Installing Graphify involves two steps: install the official graphifyy package, then register the platform-specific skill with Claude Code, Cursor, Aider, Codex, or another supported coding assistant. Once configured, Graphify gives the assistant a structured knowledge graph of your repository, helping it trace dependencies and reduce repeated file searches.
Does your AI coding assistant keep reopening the same files because it cannot see how your codebase fits together?
The 2025 Stack Overflow Developer Survey found that 84% of respondents either use or plan to use AI tools in development, while 51% of professional developers use them daily. Yet only 33% trust AI-generated output, compared with 46% who actively distrust it (Source).
This gap shows why coding agents need reliable structural context instead of depending only on repeated file searches and isolated code snippets.
Graphify addresses this problem by turning a repository’s code, documentation, schemas, and related files into a queryable knowledge graph.
Its official benchmark reported up to 71.5 times fewer tokens per query on a mixed 52-file corpus than reading the original files directly, although results vary by repository size and workflow (Source).
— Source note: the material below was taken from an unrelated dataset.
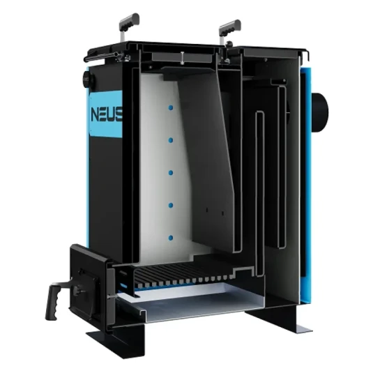 NEUS MINE XL 12 кВт — це надійний та ефективний котел тривалого горіння, спеціально розроблений для опалення невеликих приватних будинків та комерційних приміщень площею до 120 кв.м. Головною особливістю серії MINE XL є суттєво збільшена глибина топки, що дозволяє завантажувати довші дрова та значно подовжує інтервали між завантаженнями палива.

This Graphify installation guide explains the setup requirements, installation steps, graph generation process, update options, troubleshooting methods, and uninstallation procedure.
What Is Graphify?
Graphify is an open-source knowledge graph skill that helps AI coding assistants understand the structure of a codebase. It scans project files and maps relationships between:
Functions and classes
Modules and imports
APIs and schemas
Documentation and source code
Dependencies and architectural components
The generated graph gives coding assistants a structured view of the repository before they begin opening individual files.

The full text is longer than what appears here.